• [Goal of the exercise] Please return exactly the lines below that run from the line with "- HOOP: un’indagine" through the end of the listing, both included, but not the pictures.

• [Information shown]
__________

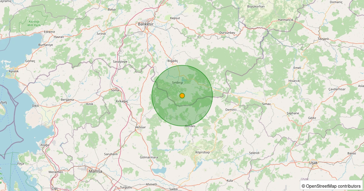 Son 7 gün içinde Sındırgı - Aktaş noktasından 100 km yarıçap içerisinde meydana gelen diğer depremler:
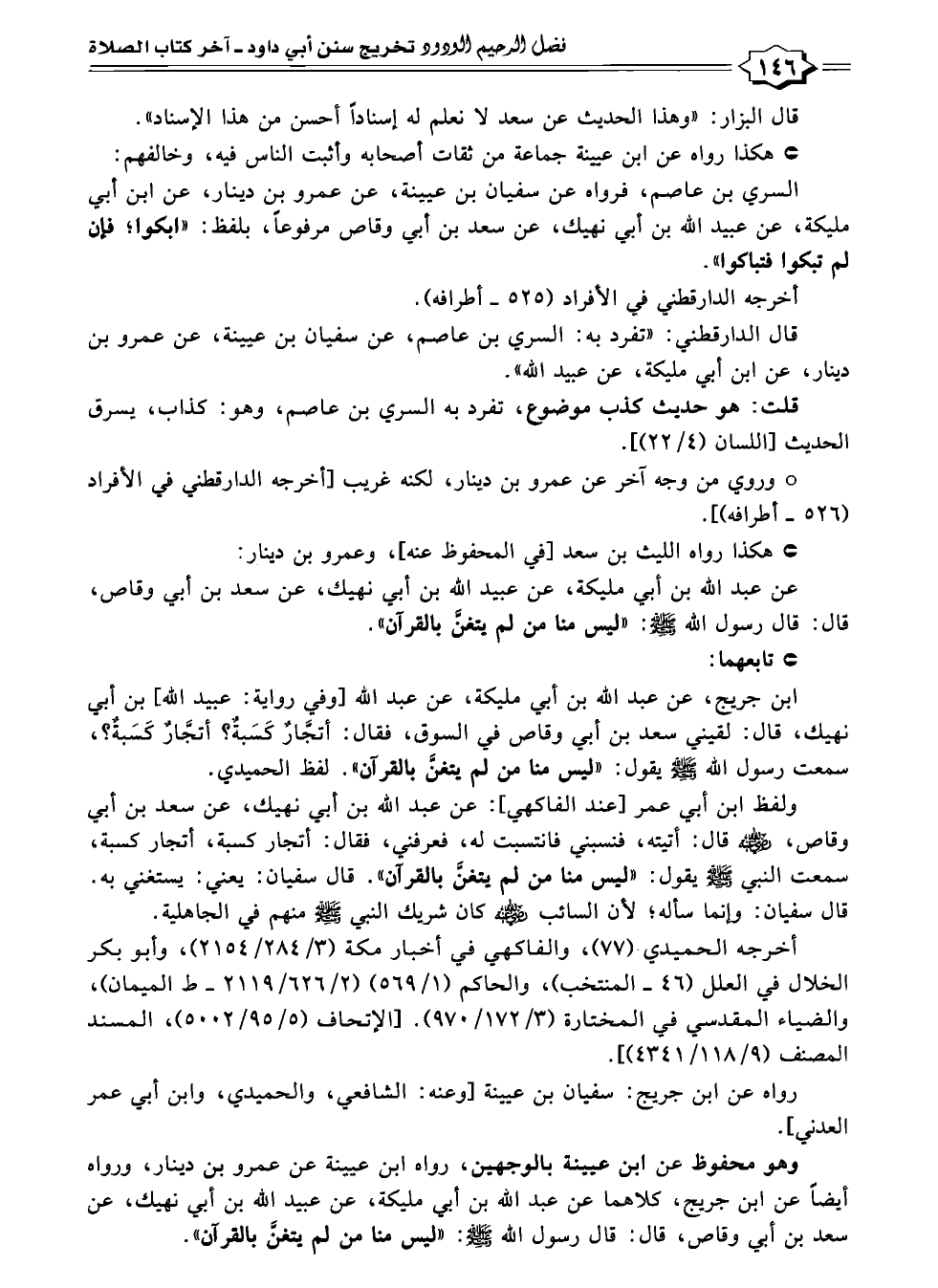 ابن جريج، عن عبد الله بن أبي مليكة، عن عبد الله [وفي رواية: عبيد الله] بن أبي نهيك، قال: لقيني سعد بن أبي وقاص في السوق، فقال: أتجَّارٌ كَسَبةٌ؟ أتجَّارٌ كَسَبةٌ؟، سمعت رسول الله -صلى الله عليه وسلم- يقول: "ليس منا من لم يتغنَّ بالقرآن". لفظ الحميدي.
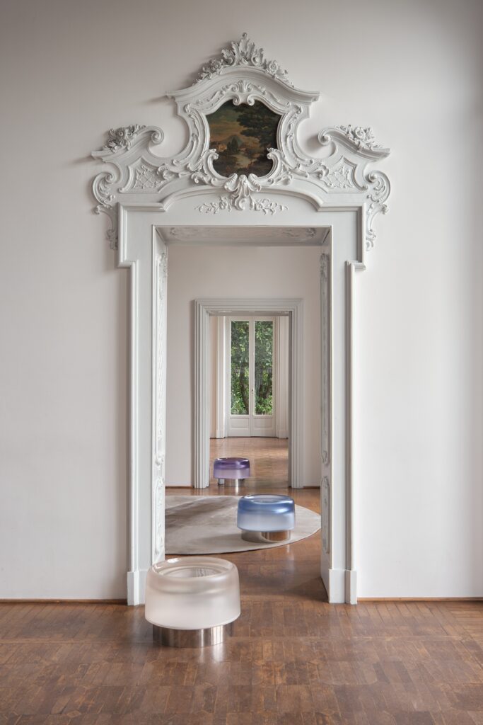 - HOOP: un’indagine sulla luce ispirata a James Turrell. Un disco in resina che sembra levitare nello spazio grazie a una base in acciaio a specchio che scompare nell’ambiente.
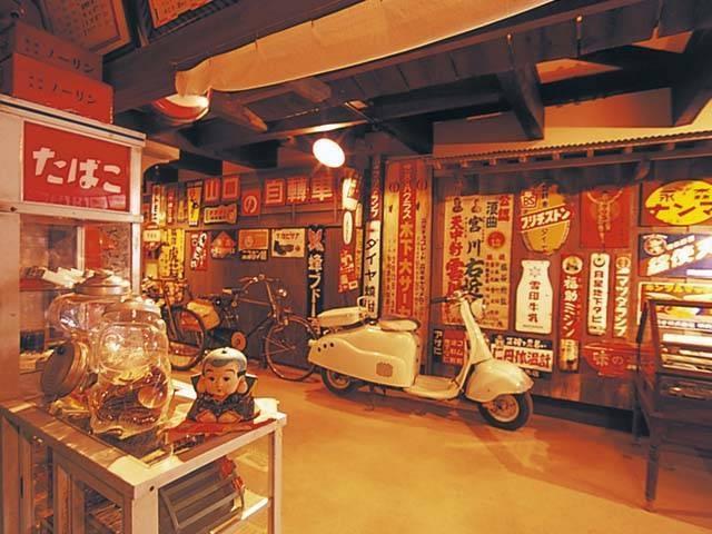 おおず赤煉瓦館東側にある展示倉庫。薬屋や床屋、民家などが軒を連ねる昭和30年代の街角を再現している。車やバイク、看板など当時の現物も展示品として並ぶ。

__________

• [Output for this task]
 - HOOP: un’indagine sulla luce ispirata a James Turrell. Un disco in resina che sembra levitare nello spazio grazie a una base in acciaio a specchio che scompare nell’ambiente.
 おおず赤煉瓦館東側にある展示倉庫。薬屋や床屋、民家などが軒を連ねる昭和30年代の街角を再現している。車やバイク、看板など当時の現物も展示品として並ぶ。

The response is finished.